# Am I the problem?



## peichun (Sep 29, 2014)

My husband and me got married for 2 years. He's 47, from Asia, and lives in US for 20+ years. I'm 38, moved here since we got married.

Actually, my mother language is not English, so I was worried that I can't find a job here. I asked him if he can find a job in Asia before we getting married. He said NO and asked me to quit my job and move to CA. And promise I don't need to work here.

But 1 year ago, he began to complaint I don't work and he's the only one make money. He already know I can't get a job here before we get married, and now he's complaining about it. 

Yesterday, He rise these issues again. He said he's the main income source, he's the only one can make the decision. And he complained I don't treat him like family, I don't do any contribution to this family. In this case, he thinks I should leave because I don't belong to this family.

I explained
* Job
it's you asked me to quit my job, because you didn't want to move back to Asia. And he promised I don't need to work anymore.
His reply: He never said he wanted me to quit my job.
(murmur: if I didn't quit my job, how can you enjoy a marriage life; if I can work, why you pay for my insurance for 3 years)

* Treat him like family
I said I always accompany you do whatever you want, travel, hiking, movie...etc. But he doesn't even want to accompany me to do most of things I want. Whenever I asked him help, he always behaved impatient and gave temper on me. He's always alone by himself after work, I think to accompany/support him is the best thing I can do. Actually, his friends wouldn't go travel with him even have a dinner, because he really good at pissed people off, never listen to people. This is told by a friend.
His reply: how come accompany him is the way I treat him like a family? He said I exaggerated everything.

* No contribution to the family
I need to do all the house chores, cooking, do laundry, clean the house, grocery shopping(he hates this). Because I learned driving since last year, that's when I can go out by myself. Personally i think, If I didn't marry him, he needs to take all these jobs by himself.

His reply: he needs to do the below (I think it's really nothing to do)
filling salt in water softener(2 times/year), 
removing wild grass in the yard(1 straw only, and once a year), dealing with HOA(actually we only need to pay HOA fee, I don't know anything to do with HOA),
replacing water filter(once per 2 year), 
bank accounts, loans,(everything are automatic transfer) 
rental home (we have property management), 
tax filing (he hired an accountant)

Finally, he said if he were me, he won't fight for these and will just leave.

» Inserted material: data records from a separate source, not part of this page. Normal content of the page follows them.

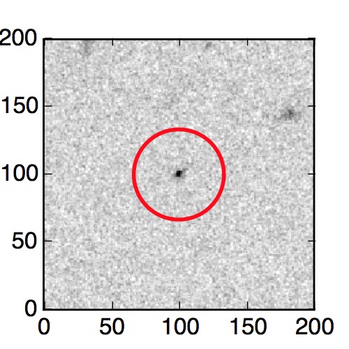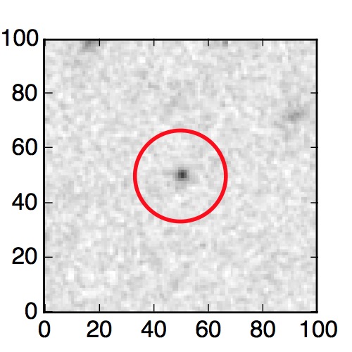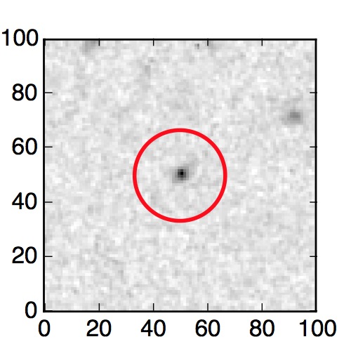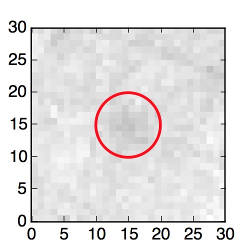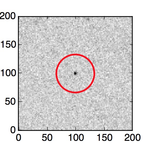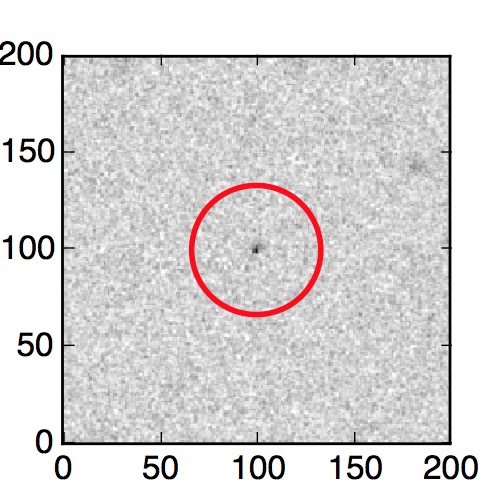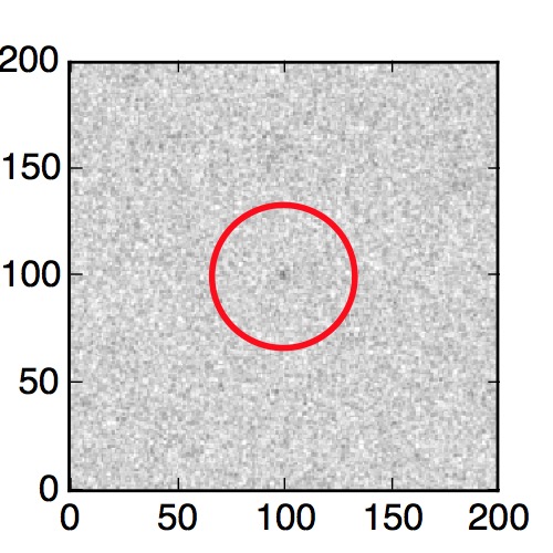 The red circle in the various panels is 1" in radius. The images are 6"x6".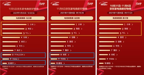 全品类主战场激战正酣,各品类的分战场上也是硝烟四起。冬日将近,室外的寒冷让宅家娱乐成为休闲首选。能刷剧、观影、玩游戏的电视自然成了热门产品,其销售榜魁更是各电视品牌的必争之位。小米实力稳定,始终占据当日榜、累计榜榜首,可谓是得人心者得天下。海信与TCL紧随其后,分别位列亚军和季军。FFALCON和酷开不敌其它品牌攻势,被挤出榜单之外,分别由长虹和康佳取而代之。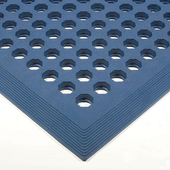Robustní odolná protiúnavová rohož s lisovanými náběhovými hranami vyrobená z přírodní / nitrilové gumy. Jedinečný design rubové strany drží rohož pevně na místě.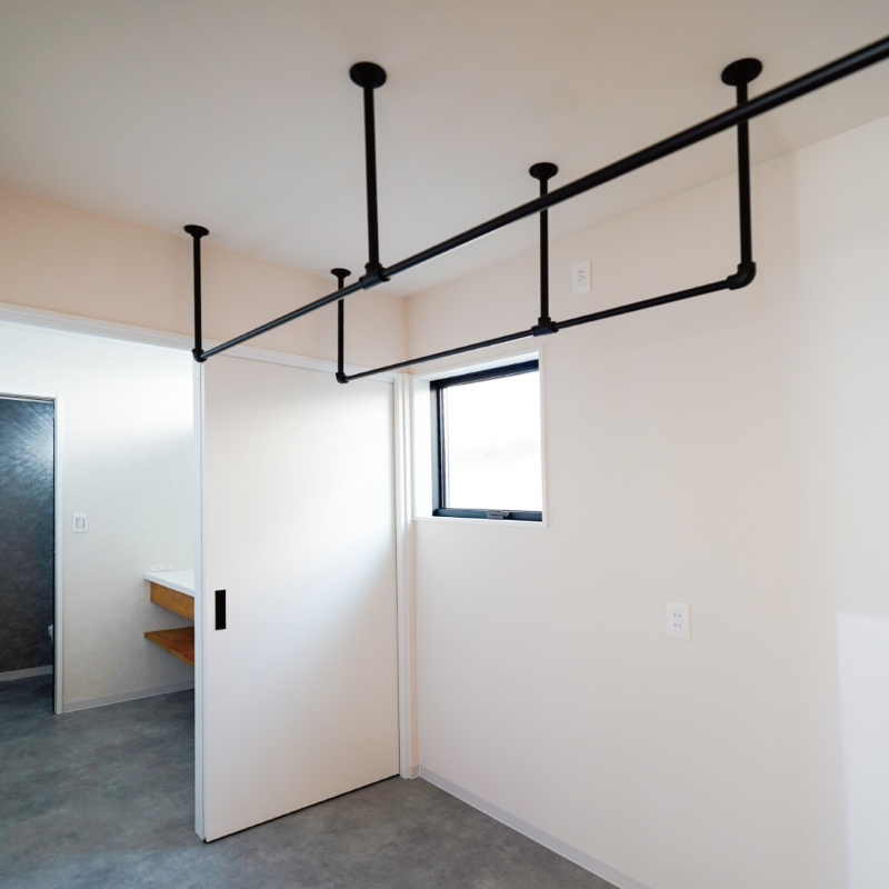 そこにスタイリッシュな天井吊り下げタイプのアイアンバーを取り入れるとより便利に。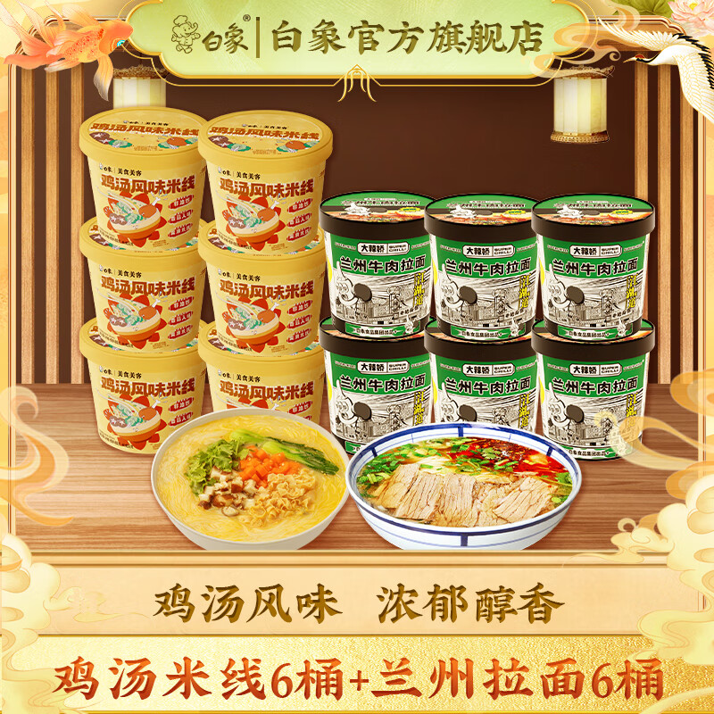 白象美食美客鸡汤风味米线整箱桶装方便速食冲泡米线夜宵休闲食品 鸡汤米线6桶+兰州拉面6桶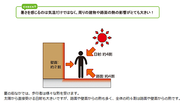 - 適応策:環境省が提供している情報からもわかるとおり、夏の暑さを感じる元は直射日射もさることながら、蓄熱された壁面や地面からの輻射熱も多いことが知られている。(下図参照)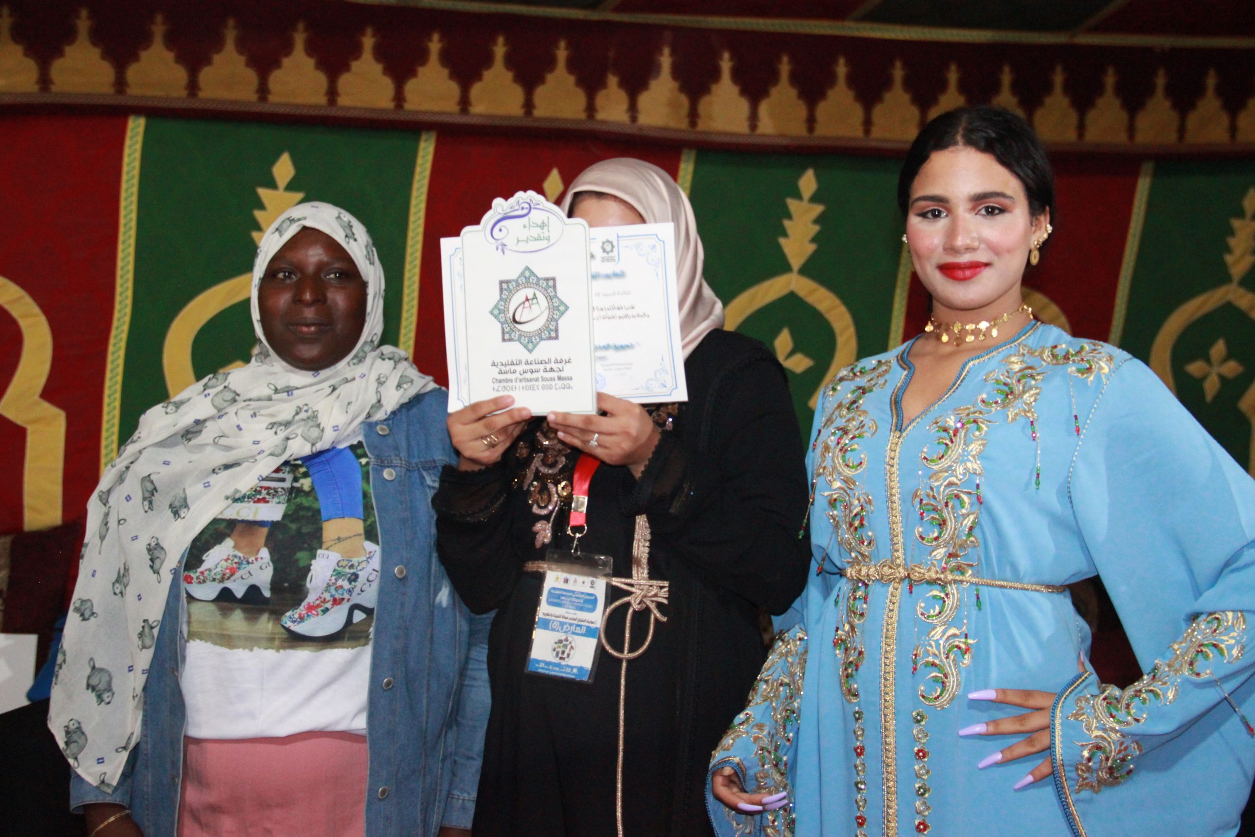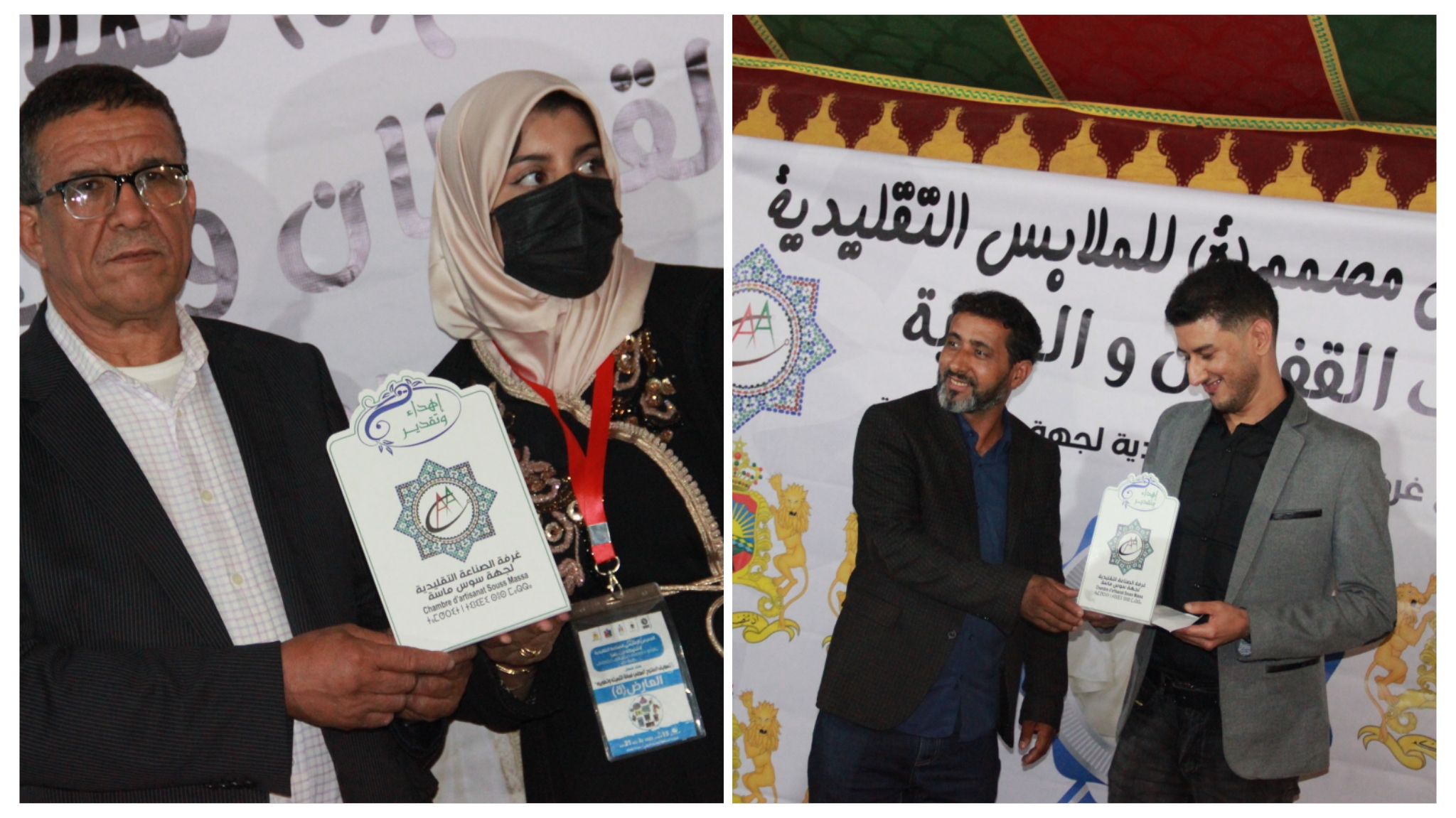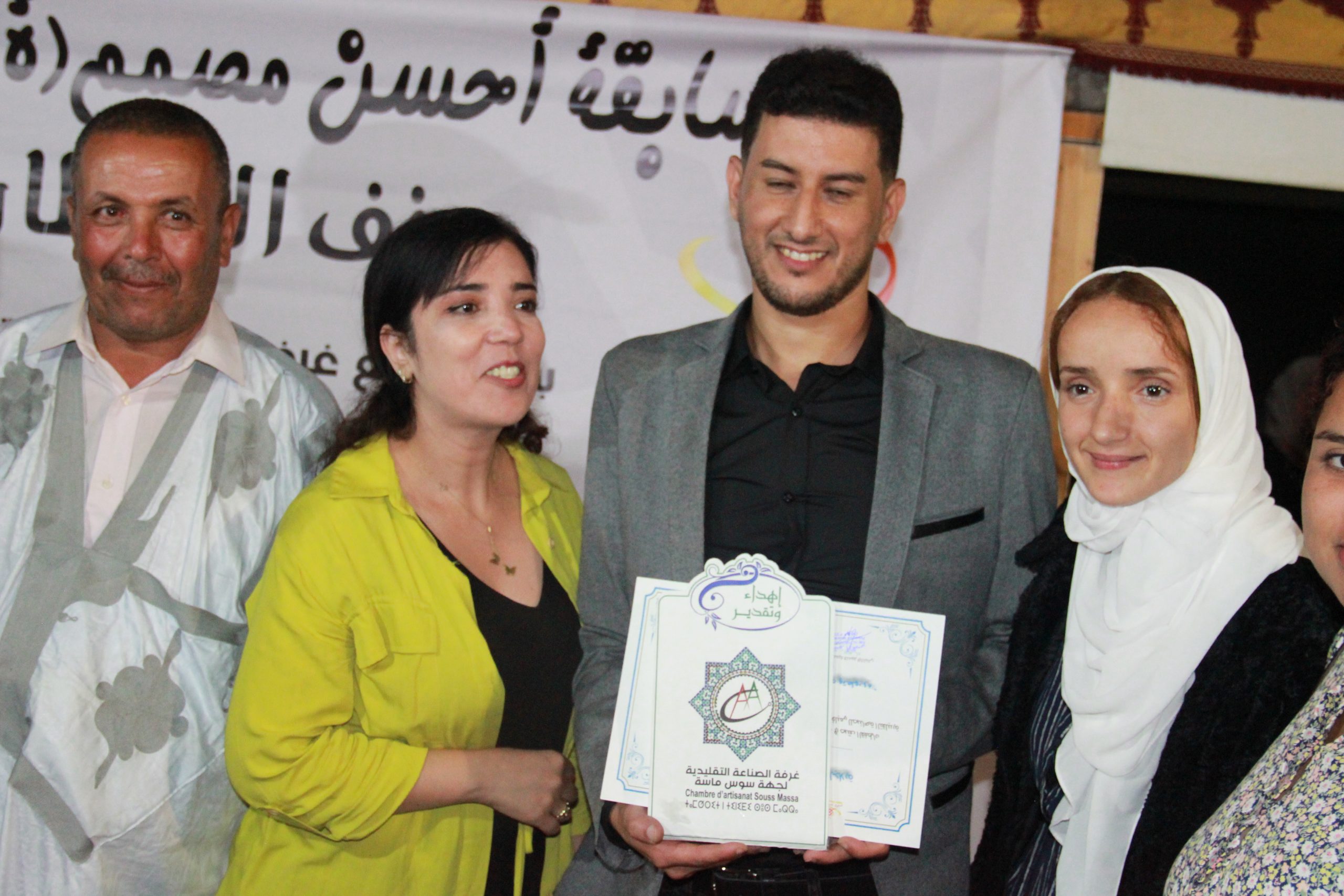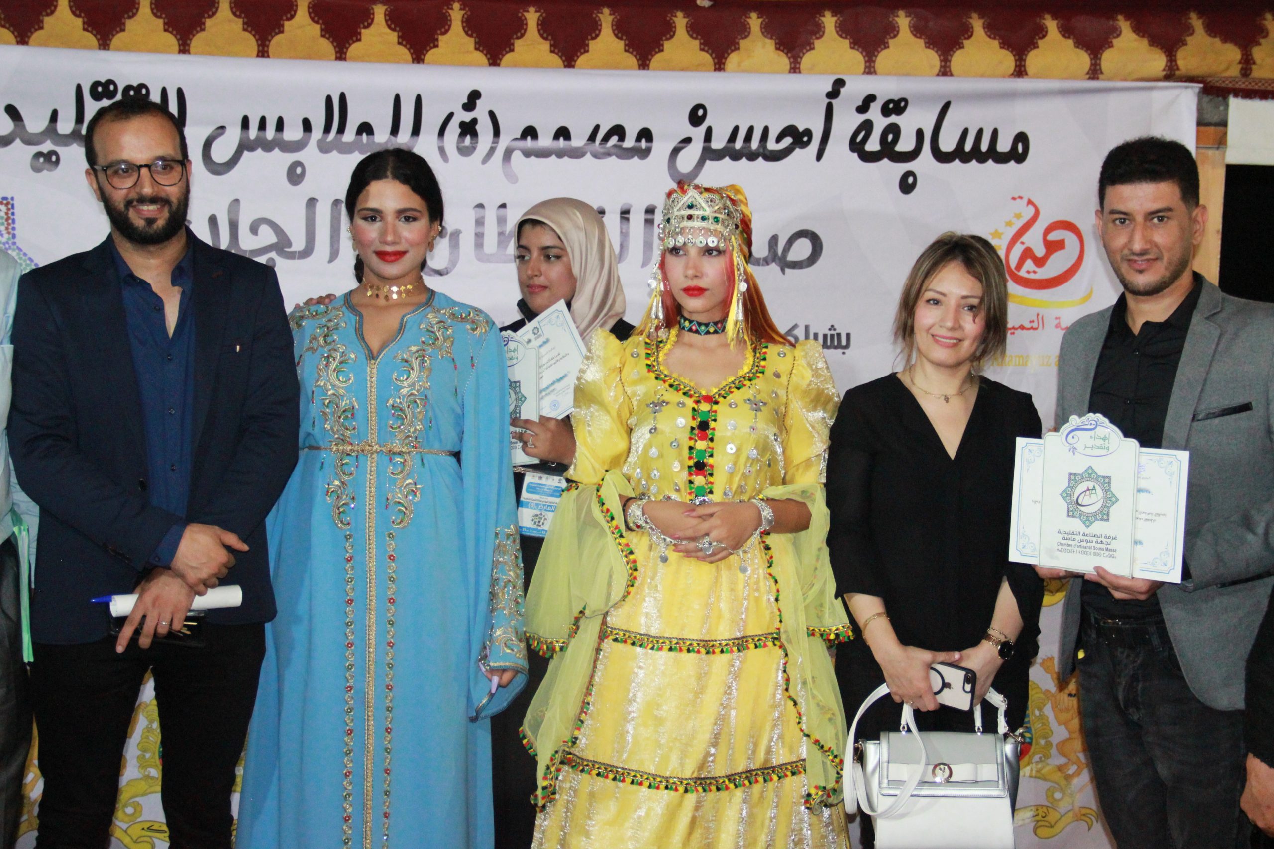 وعرفت المسابقة فوز كل من المصمم مروان ابحمان بسيدي وساي و لبنى من بيوكرى بجائزة احسن تصميم و ابداع حيت نالا العلامة الكاملة من لجنة تحكيم المكونة من اعضاء بالصفة من الغرفة و من امهر حرفي الخياطة بالجهة.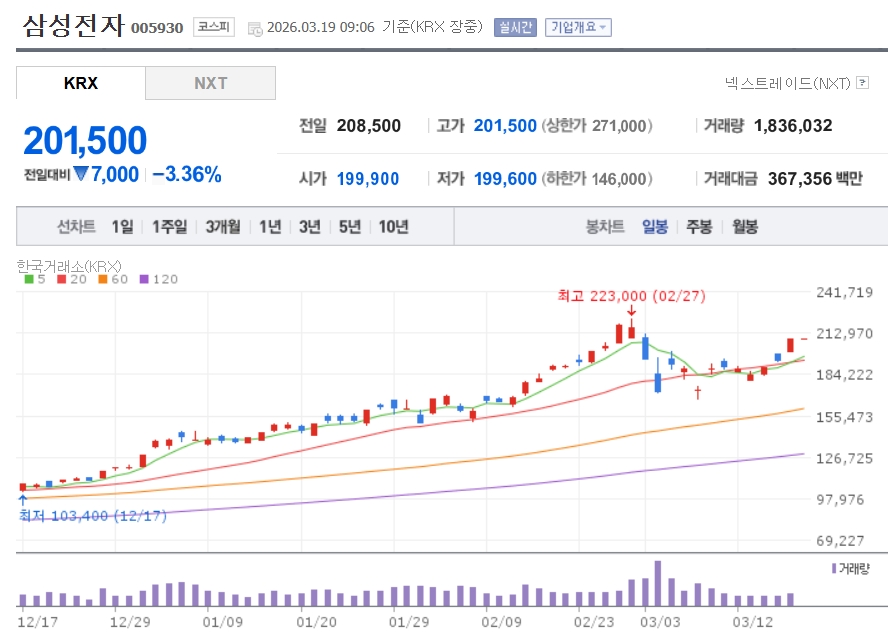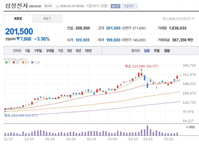 이미지 확대보기19일 한국거래소에 따르면 오전 9시 6분 현재 코스피 시장에서 삼성전자는 전 거래일 대비 3.36% 내린 20만1500원, SK하이닉스는 3.13% 하락했다. SK하이닉스 최대 주주이자 투자 지주사인 SK스퀘어도 2.38% 하락세다.

Anyone can tell me what's the problem


----------



## Homemaker_Numero_Uno (Jan 18, 2011)

It sounds like he tricked you.


----------



## synthetic (Jan 5, 2012)

He's most likely found another woman.


----------



## Coffee Amore (Dec 15, 2011)

How did you two meet? Was it arranged? Did you meet through a website?


----------



## turnera (Jan 22, 2010)

Can you give more details on your work situation? Can you get work here? If you leave him, will you be able to stay in US? Will you want to move back home?


----------



## peichun (Sep 29, 2014)

Coffee Amore said:


> How did you two meet? Was it arranged? Did you meet through a website?


we were introduced by a friend.


----------



## peichun (Sep 29, 2014)

turnera said:


> Can you give more details on your work situation? Can you get work here? If you leave him, will you be able to stay in US? Will you want to move back home?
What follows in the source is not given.